Electronic health records that are interoperable can prevent duplicative tests – like Eric’s repeated MRIs – and reduce what doctors and hospitals spend on administrative tasks.
In March, the Office of the National Coordinator and the Centers for Medicare and Medicaid Services issued two rules to implement the electronic health records provisions in Cures:
First the rules define information blocking – so it is more precisely clear what we mean when one system, hospital, doctor, vendor, or insurer is purposefully not sharing information with another;
Second, the rules require that by January 1, 2020, for the first time, insurers must share a patient’s health care data with the patient so their health information follows them as they see different doctors; and
Third, all electronic health records must adopt publicly available standards for data elements, known as Application Programming Interfaces, or APIs, two years after these rules are completed.
Last month, we heard from those who use electronic health records, and here is what they have to say about the rules.
First, I asked our witnesses if these were good rules – and all four said yes, the intent and the goal of the rules were correct.
Mary Grealy, president of the Healthcare Leadership Council said: “Interoperability is not simply desirable, it is absolutely necessary…These rules represent an important and perhaps groundbreaking first step for true national interoperability.”
I also asked our witnesses what one change they would make to improve these rules.
Mary cautioned about not rushing implementation, saying, “We don't want to prevent moving ahead, or progress, but I think we also have to be very cognizant of the challenges that providers and others are facing trying to do this complex work.”
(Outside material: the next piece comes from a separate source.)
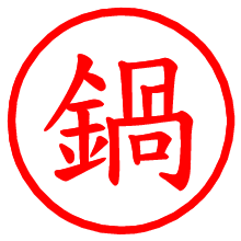 [朱肉の色]を選び、入力窓に“鍋”と入力して[生成]ボタンを押すと、印影が更新され、リンクから電子印鑑(デジタル印影)がダウンロードできます。 電子印鑑「鍋」の作り方文字表示が変なときや、文字バランスが悪いときは[字形切替]のチェックボックスでON/OFFを切り替え[生成]しなおしてください。 生成される画像は通常の印影「鍋.png」と、にじみを表現した少し太めの印影「鍋B.png」の背面透過PNG形式2種と、鮮明なPDF形式の印影「鍋.pdf」の計3種類です。 朱肉の微妙な色の違いを7色で表現しました。デフォルト(左端)は、JISが定めた朱肉の色のマンセル値(7.5R 5/14)をRGB値(217,66,54)に変換したものになっています。 「電子透かし」にチェックを入れて[生成]ボタンを押すと、タイムスタンプを透かしとして埋め込んだセキュアな電子印鑑が作れます。詳細は別ページの「電子透かしとタイムスタンプ」でご覧ください。  鍋さんの日付印が作れます。「日付スタンプメーカー」は、社内向けの書類に利用されることの多い日付印(データ印)が無料で作れるWebアプリケーションです。中段に日付が入り、上段と下段は、ともに8文字まで文字が入ります。 ![]()  古代文字で落款印が作れます。「落款スタンプメーカー」で作品を引き立たせる落款印が作れます。

In 2015, I urged the Obama Administration to slow down Stage 3 of the Meaningful Use program, which incentivized doctors and hospitals to adopt electronic health records.
The Obama Administration did not slow down implementation, and looking back, the results would have been better if they had.
The best way to get to where you want to go is not by going too far, too fast.
I want to make sure we learn lessons from implementing Meaningful Use Stage 3, which was, in the words of one major hospital, “terrifying.”
I am especially interested in getting where we want to go with the involvement of doctors, hospitals, vendors, and insurers, with the fewest possible mistakes and the least confusion.
We don’t need to set a record time to get there with an unrealistic timeline.
Because these are complex rules, I asked CMS and ONC to extend the comment period, and I am glad to see they have done so and want to thank our witnesses for allowing more time for comment.
We also heard concerns about ensuring patient privacy.
If the 21st Century Cures Act is successfully implemented, patients should be able to get their own health data more easily and send it to their health care providers.
Patients may also choose to send that data to third parties –like an exercise tracking app on their smart phone – but this raises new questions about privacy.
Lucia Savage, Chief Privacy and Regulatory Officer at Omada Health said, “I think the committee…is rightfully concerned about privacy and security…None of this will matter if the consumers don't have confidence, and their doctors don't have confidence that the consumers have confidence.”
Dr. Christopher Rehm, Chief Medical Informatics Officer at Lifepoint Health in Brentwood, Tennessee reminded us at the hearing that these rules are “not about the technology, it’s about the patient, their care and their outcomes.”
I am looking forward to hearing from the Administration today about how they plan to implement these rules.